Can God* forgive us for what we have done to this world?
*by ‘God’ I mean your version of the non-human force/energy/consciousness/etc. that is existence
This morning I was researching for a presentation that my wife [a mental health Nurse] & I will do at the Canadian Mental Health Nursing Conference in October on Ecological Grief and across, by accident, a reference to the movie First Reformed (2017). In it an “eco-terrorist pastor” runs amok when he is overwhelmed by what he learns about climate change. It’s about a pastor who loses his son and his wife, suffers from alcoholism and oversees a dying church while the ethically-questionable megachurch prospers next door. The pastor is not just seeing tragedy in the world on both personal and global levels, he’s seeing a church [eg. society] complicit in it.
The movie revolves around this question asked by the Pastor:
Can God forgive us for what we have done to this world?
He is just as unsure of the answer as I am. Personally, given Newton’s Third Law informs us that:
For every action there is an equal and opposite reaction
and given this wisdom from the Bible [Galatians]:
Do not be deceived: God cannot be mocked. A man reaps what he sows.
– I doubt it.
We are living in the age of consequence. Just as it takes longer to heal from an injury than the time it took to get injured, just as it takes longer to clean up the mess in the kitchen than the time it took to make the mess, I imagine that it will take a very long time for the Earth to clean up the mess created by our worship of exponential growth in consumption and population at all cost. I use the term worship deliberately for its religious over-tones. It seems that humans need a god to worship: whether it be a grove of trees or Zeus or Buddha or the economy it is all comes down to the same thing – we search for some higher purpose to give meaning to our brief and otherwise meaningless lives. It just so happens that our current god is killing us.
We are like the Aztecs. Their god of war and sacrifice, Huitzilopochtli, demanded continuous human sacrifice. To find new victims they had to, for religious reason, fight never ending wars by conquering new peoples who, of course, both hated and feared them. All went well for the Aztecs until the Spanish turned up – those gods predicted in their myths and thus unassailable. With the help of the surrounding Native tribes and disease [typhoid] the Aztecs were conquered – just as we will be conquered for worshipping a false god – the god of growth, growth, growth. The god that has turned us into the cancer of the Earth.

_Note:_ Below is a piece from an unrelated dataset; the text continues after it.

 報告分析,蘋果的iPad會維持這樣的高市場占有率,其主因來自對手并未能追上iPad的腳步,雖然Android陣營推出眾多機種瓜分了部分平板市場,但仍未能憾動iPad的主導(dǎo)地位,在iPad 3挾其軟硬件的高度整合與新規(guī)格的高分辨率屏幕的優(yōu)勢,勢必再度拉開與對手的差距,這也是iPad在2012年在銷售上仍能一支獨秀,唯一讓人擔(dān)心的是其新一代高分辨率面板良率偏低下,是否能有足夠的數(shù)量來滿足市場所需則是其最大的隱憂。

All I can say to the future is SORRY [watch video if desired]
Of course, we could, as suggested in the video above, change our ways. We are, I hope, a bit smarter than the Aztecs, a bit smarter than cancer cells, a bit smarter than yeast in a batch of fermenting beer who increase in population until the alcohol they secrete kills them. We are smarter, only, we seem not to have found a way to use that intelligence at a societal level. Our politics has failed us, because we are blinded by our god, our god of population and economic growth at all costs. So, to avoid the fate of the Aztecs and of cancer cells we must change, we must worship another god. We must find another politics that can organize us for survival. Or die. Die in the flames of a hell of our creation, as painted for us by H.Bosch in 1500.
However, Bosch does not have the last word. I leave you with this poem by Mary Oliver a classic New England nature poet who died this past January, where she explores despair.
Wild Geese
You do not have to be good.
You do not have to walk on your knees for a hundred miles through the desert repenting.

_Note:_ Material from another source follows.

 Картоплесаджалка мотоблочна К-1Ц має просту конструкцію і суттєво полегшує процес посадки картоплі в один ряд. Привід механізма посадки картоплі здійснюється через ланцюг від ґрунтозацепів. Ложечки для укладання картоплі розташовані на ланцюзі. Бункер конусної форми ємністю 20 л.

You only have to let the soft animal of your body love what it loves.
Tell me about despair, yours, and I will tell you mine.

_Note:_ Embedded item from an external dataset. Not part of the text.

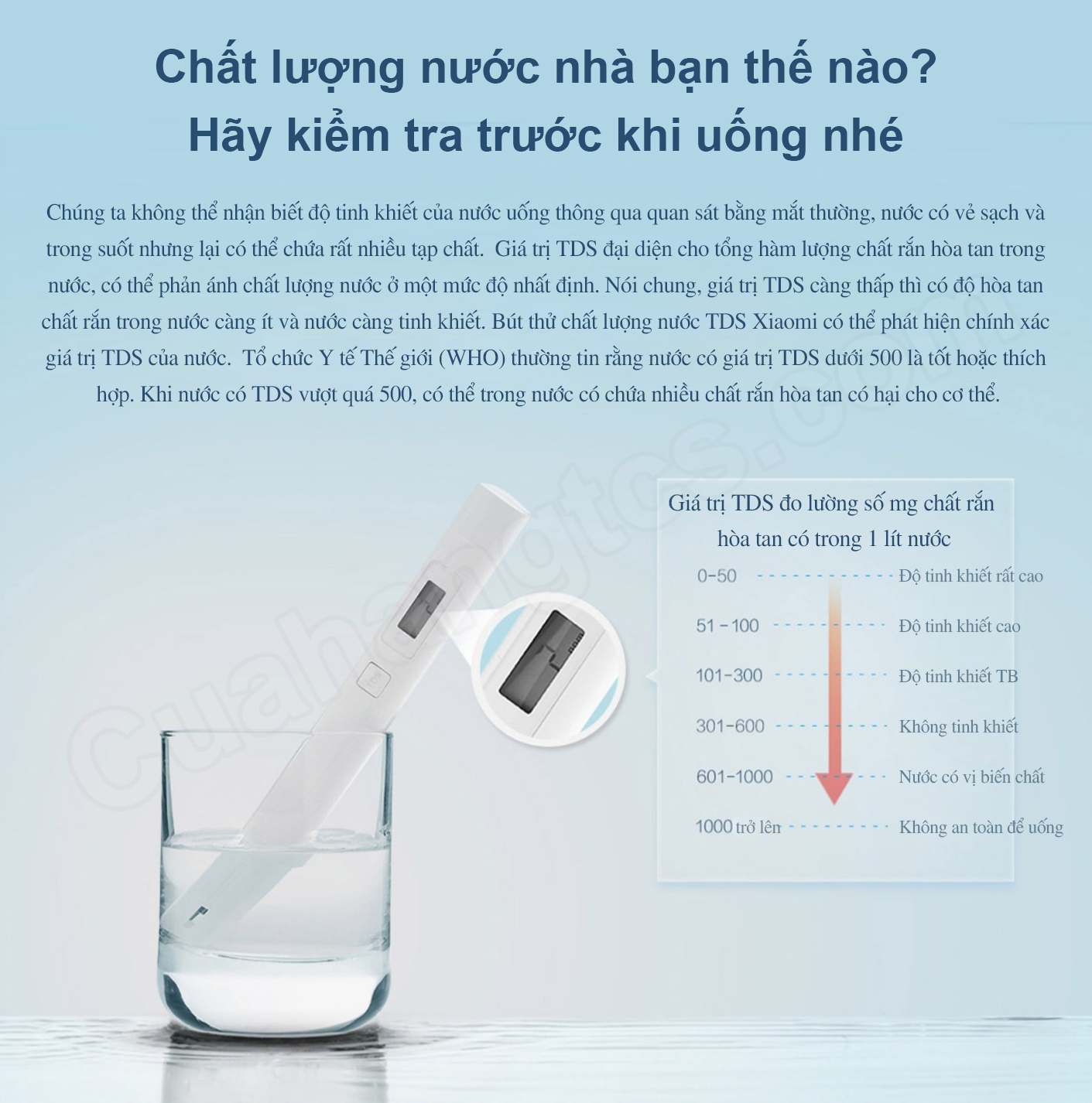 Mi TDS Pen Water Quality Tester là thiết bị đo tổng hàm lượng chất rắn hòa tan trong nước, nước có chỉ số bao nhiêu là uống được, bao nhiêu là nước bẩn…

Meanwhile the world goes on.
Meanwhile the sun and the clear pebbles of the rain are moving across the landscapes,
over the prairies and the deep trees, the mountains and the rivers.
Meanwhile the wild geese, high in the clean blue air, are heading home again.
Whoever you are, no matter how lonely, the world offers itself to your imagination,
calls to you like the wild geese, harsh and exciting
— over and over announcing your place in the family of things.